▶ _INSTRUCTIONS FOR THE TASK_
Each line below is to be written out in full, exactly as shown.

▶ _DATASET EXTRACT_
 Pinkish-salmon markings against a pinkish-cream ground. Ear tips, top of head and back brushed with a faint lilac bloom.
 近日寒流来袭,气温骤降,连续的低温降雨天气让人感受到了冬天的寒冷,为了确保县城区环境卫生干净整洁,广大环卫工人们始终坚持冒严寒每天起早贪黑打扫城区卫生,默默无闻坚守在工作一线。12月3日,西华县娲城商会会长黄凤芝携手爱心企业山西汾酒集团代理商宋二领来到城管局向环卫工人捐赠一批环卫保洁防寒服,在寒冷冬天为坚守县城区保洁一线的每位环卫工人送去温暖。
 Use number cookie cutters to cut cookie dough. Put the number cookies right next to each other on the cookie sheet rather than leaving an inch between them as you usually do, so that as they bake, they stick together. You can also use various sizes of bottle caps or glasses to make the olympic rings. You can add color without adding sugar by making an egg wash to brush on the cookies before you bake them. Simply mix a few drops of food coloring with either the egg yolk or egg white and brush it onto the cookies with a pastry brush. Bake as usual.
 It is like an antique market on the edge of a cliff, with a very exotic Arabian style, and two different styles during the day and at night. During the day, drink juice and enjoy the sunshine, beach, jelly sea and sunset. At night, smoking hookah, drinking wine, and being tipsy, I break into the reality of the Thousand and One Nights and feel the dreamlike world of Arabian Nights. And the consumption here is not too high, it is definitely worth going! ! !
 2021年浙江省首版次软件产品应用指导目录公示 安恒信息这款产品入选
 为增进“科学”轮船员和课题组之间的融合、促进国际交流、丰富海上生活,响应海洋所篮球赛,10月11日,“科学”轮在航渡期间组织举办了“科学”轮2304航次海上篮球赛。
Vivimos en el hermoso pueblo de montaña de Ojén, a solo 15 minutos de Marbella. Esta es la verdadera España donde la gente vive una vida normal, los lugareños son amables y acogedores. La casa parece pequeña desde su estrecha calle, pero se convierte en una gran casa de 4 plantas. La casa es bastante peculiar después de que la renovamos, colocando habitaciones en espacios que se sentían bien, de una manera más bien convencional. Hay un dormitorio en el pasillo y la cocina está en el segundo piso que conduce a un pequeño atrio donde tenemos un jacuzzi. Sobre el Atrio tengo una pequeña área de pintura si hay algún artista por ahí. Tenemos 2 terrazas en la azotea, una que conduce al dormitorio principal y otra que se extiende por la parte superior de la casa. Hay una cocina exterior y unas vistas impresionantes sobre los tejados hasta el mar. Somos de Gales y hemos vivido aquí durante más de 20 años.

▶ _FINAL ANSWER_
 Pinkish-salmon markings against a pinkish-cream ground. Ear tips, top of head and back brushed with a faint lilac bloom.
 近日寒流来袭,气温骤降,连续的低温降雨天气让人感受到了冬天的寒冷,为了确保县城区环境卫生干净整洁,广大环卫工人们始终坚持冒严寒每天起早贪黑打扫城区卫生,默默无闻坚守在工作一线。12月3日,西华县娲城商会会长黄凤芝携手爱心企业山西汾酒集团代理商宋二领来到城管局向环卫工人捐赠一批环卫保洁防寒服,在寒冷冬天为坚守县城区保洁一线的每位环卫工人送去温暖。
 Use number cookie cutters to cut cookie dough. Put the number cookies right next to each other on the cookie sheet rather than leaving an inch between them as you usually do, so that as they bake, they stick together. You can also use various sizes of bottle caps or glasses to make the olympic rings. You can add color without adding sugar by making an egg wash to brush on the cookies before you bake them. Simply mix a few drops of food coloring with either the egg yolk or egg white and brush it onto the cookies with a pastry brush. Bake as usual.
 It is like an antique market on the edge of a cliff, with a very exotic Arabian style, and two different styles during the day and at night. During the day, drink juice and enjoy the sunshine, beach, jelly sea and sunset. At night, smoking hookah, drinking wine, and being tipsy, I break into the reality of the Thousand and One Nights and feel the dreamlike world of Arabian Nights. And the consumption here is not too high, it is definitely worth going! ! !
 2021年浙江省首版次软件产品应用指导目录公示 安恒信息这款产品入选
 为增进“科学”轮船员和课题组之间的融合、促进国际交流、丰富海上生活,响应海洋所篮球赛,10月11日,“科学”轮在航渡期间组织举办了“科学”轮2304航次海上篮球赛。
Vivimos en el hermoso pueblo de montaña de Ojén, a solo 15 minutos de Marbella. Esta es la verdadera España donde la gente vive una vida normal, los lugareños son amables y acogedores. La casa parece pequeña desde su estrecha calle, pero se convierte en una gran casa de 4 plantas. La casa es bastante peculiar después de que la renovamos, colocando habitaciones en espacios que se sentían bien, de una manera más bien convencional. Hay un dormitorio en el pasillo y la cocina está en el segundo piso que conduce a un pequeño atrio donde tenemos un jacuzzi. Sobre el Atrio tengo una pequeña área de pintura si hay algún artista por ahí. Tenemos 2 terrazas en la azotea, una que conduce al dormitorio principal y otra que se extiende por la parte superior de la casa. Hay una cocina exterior y unas vistas impresionantes sobre los tejados hasta el mar. Somos de Gales y hemos vivido aquí durante más de 20 años.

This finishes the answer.